Les nodules polymétalliques et les formations riches en cobalt présentes sur les fonds marins internationaux occupent une place croissante dans les dynamiques de concurrence mondiale. L’accès à ces ressources est étroitement associé aux enjeux de transition énergétique, de continuité industrielle et de sécurisation des approvisionnements stratégiques.

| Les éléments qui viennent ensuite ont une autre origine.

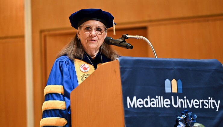 Medaille's bonds are rated BB-minus by S&P after being downgraded one notch in February. The ratings firm said at the time that Medaille's profile was "vulnerable," citing high staff turnover, falling enrollment and weak retention and graduation rates. The university traces its roots back to a teachers school in 1875, and has a Rochester satellite campus in addition to its main facilities in Buffalo.
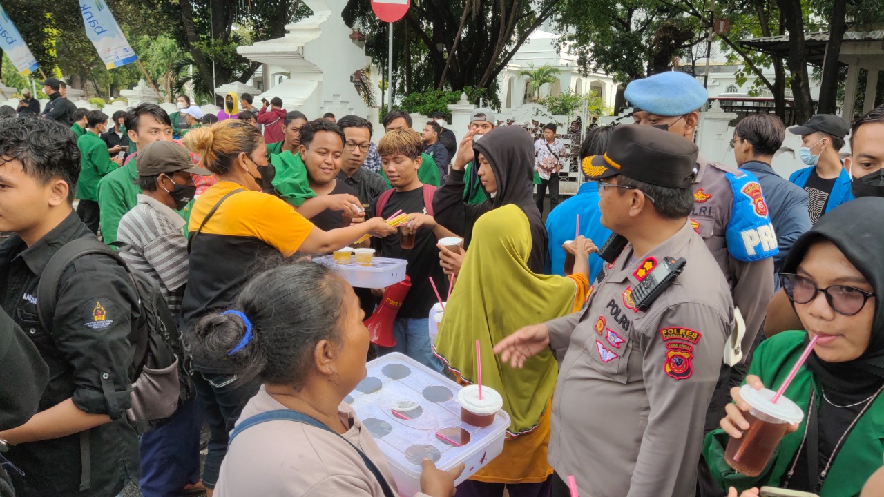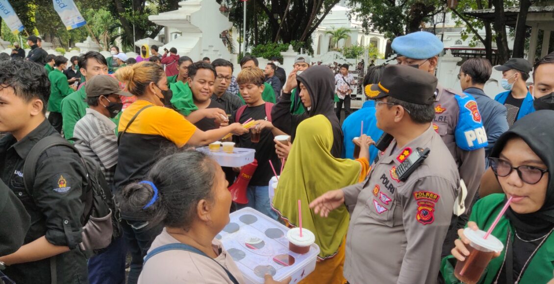 CIREBON KOTA,ikagawanews.id – Kapolres Cirebon Kota AKBP Dr. M. Fahri Siregar, SH.S.IK.MH. secara spontan sekaligus wujud apresiasi terhadap para mahasiswa yang sudah berkomitmen melaksanakan aksi unjuk rasa dengan damai. Mentraktir puluhan minuman segar yang dijual oleh pedagang asongan atau kaki lima yang ada disekitar lokasi unjuk rasa diberikan secara gratis untuk mahasiswa selesai melaksanakan aksinya dengan damai, kamis (8/9/22).
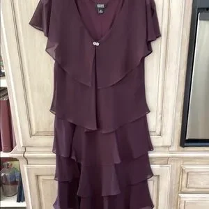 SLNY dress sz 10 eggplant purple euc tiered
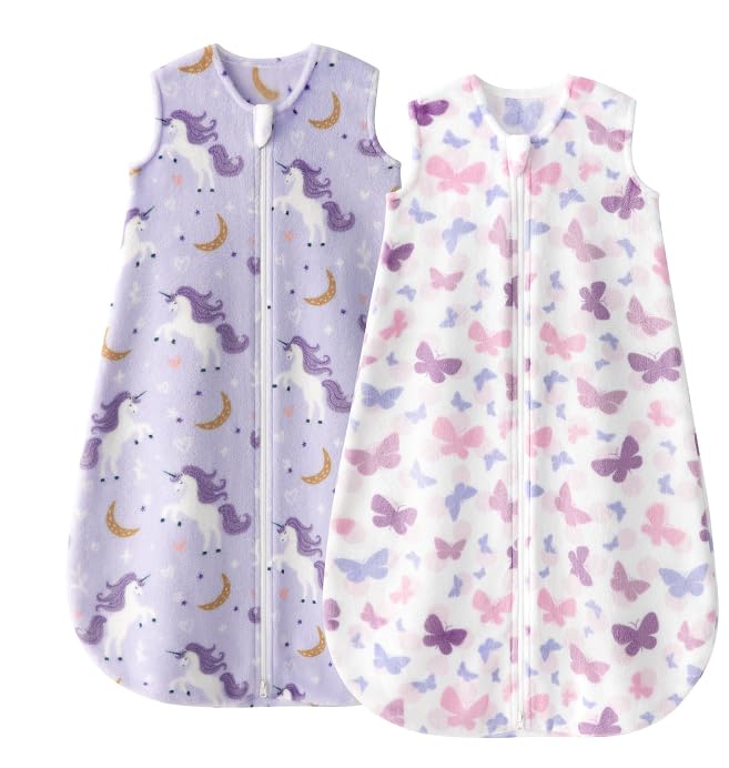 Warm Tips - Fleece baby Wearable Blanket come with 2 pack and machine washable. There are 4 sizes available for your choices: S(0-6 Months/10-18lb), M (6-12 Months/16-24lb), L(12-18 Months/22-18lb), XL(18-24 Months/26-34lbs). Please refer to our size chart carefully before you order sleep sack.
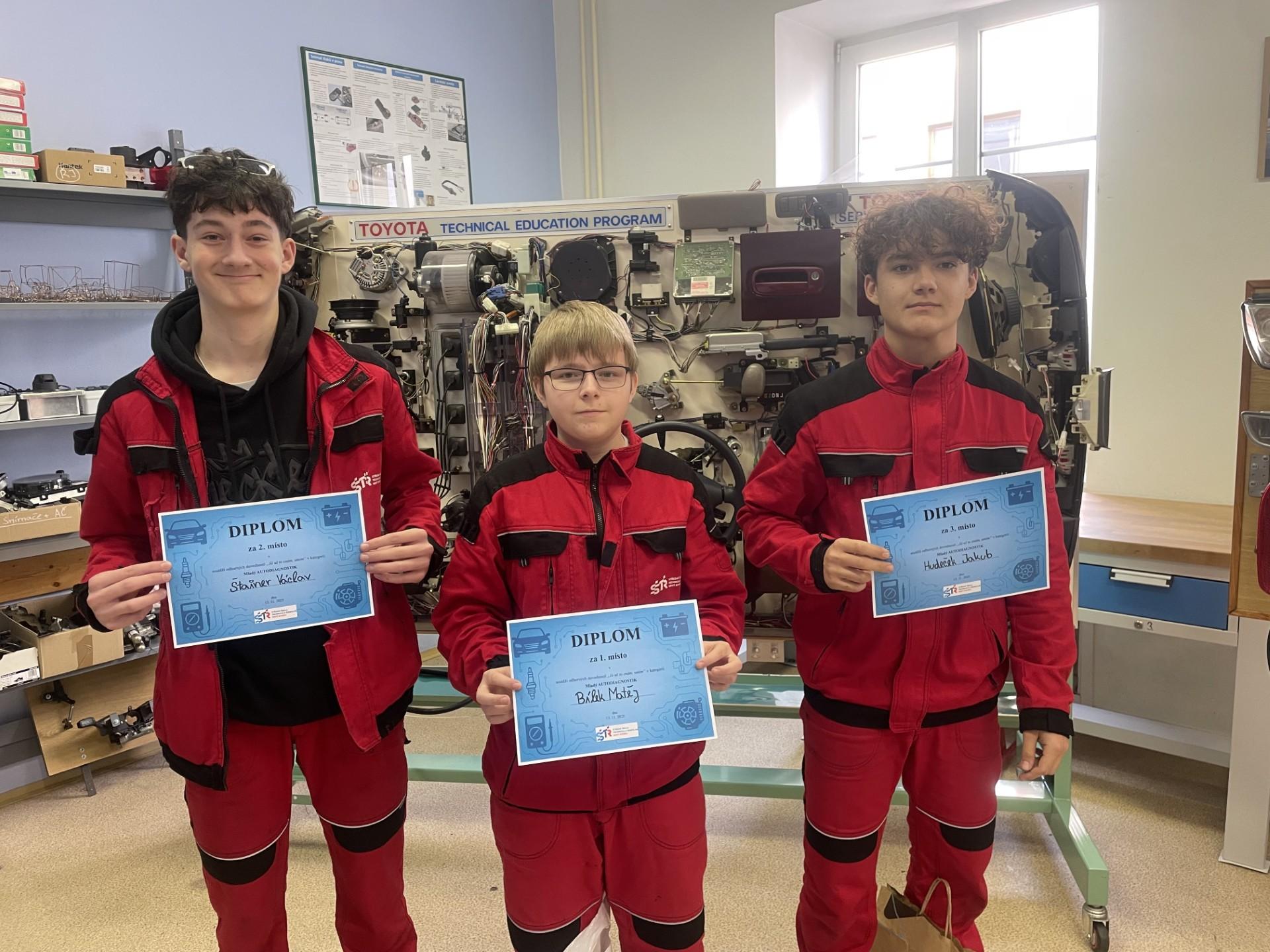 Dne 13. 11. 2025 ve středisku praktického vyučování na Masarykově náměstí došlo na první „testovací kolo“, kde v této disciplíně zabojovali žáci z prvního ročníku oboru Autoelektrikář. Tito žáci u nás studují již přes 2 měsíce, a tak ukázali svůj zápal pro tento obor a i znalosti, které u nás nasbírali. Ohodnotili jsme z celé třídy 1. AE 3 nejlepší mladé autodiagnostiky:
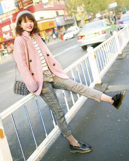 甜美的粉色薄款外套,很显青春活力感,搭配条纹衫,清爽时尚,搭配格子休闲裤,复古风十足,搭配学院风鞋子和小香风包包,很青春洋溢。
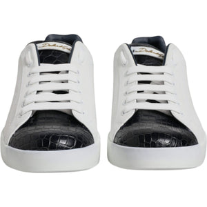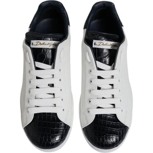 Dolce & Gabbana White Black Leather Portofino Sneaker Shoes
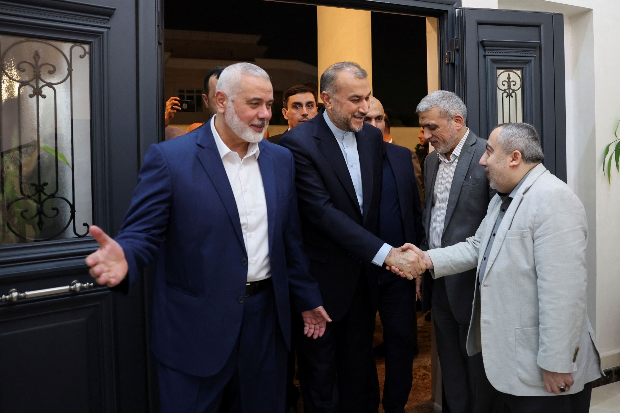 Ο Υπουργός Εξωτερικών του Ιράν Hossein Amir Abdollahian συναντά τον κορυφαίο ηγέτη της παλαιστινιακής οργάνωσης Χαμάς, Ισμαήλ Χανίγιε στην Ντόχα, Κατάρ, 20 Δεκεμβρίου 2023. (REUTERS).

Si l’Autorité internationale des fonds marins a mis en place un cadre contractuel encadrant les activités d’exploration, les règles applicables à l’exploitation minière à l’échelle commerciale demeurent en cours d’élaboration. Cette phase de transition réglementaire entretient une incertitude juridique et accentue les tensions liées aux calendriers décisionnels.

Le développement de l’exploitation minière des grands fonds est également susceptible d’avoir des effets indirects sur le transport maritime et le commerce international. L’apparition de nouvelles routes logistiques, de navires spécialisés, d’infrastructures portuaires adaptées et de mécanismes de responsabilité environnementale élargit progressivement le champ des questions traitées par le droit maritime.

La concurrence autour des métaux stratégiques et des éléments rares contribue ainsi à redessiner les contours du droit de la mer. Les fonds marins internationaux s’affirment comme un espace juridique et stratégique complexe, situé au croisement des politiques énergétiques, environnementales et commerciales.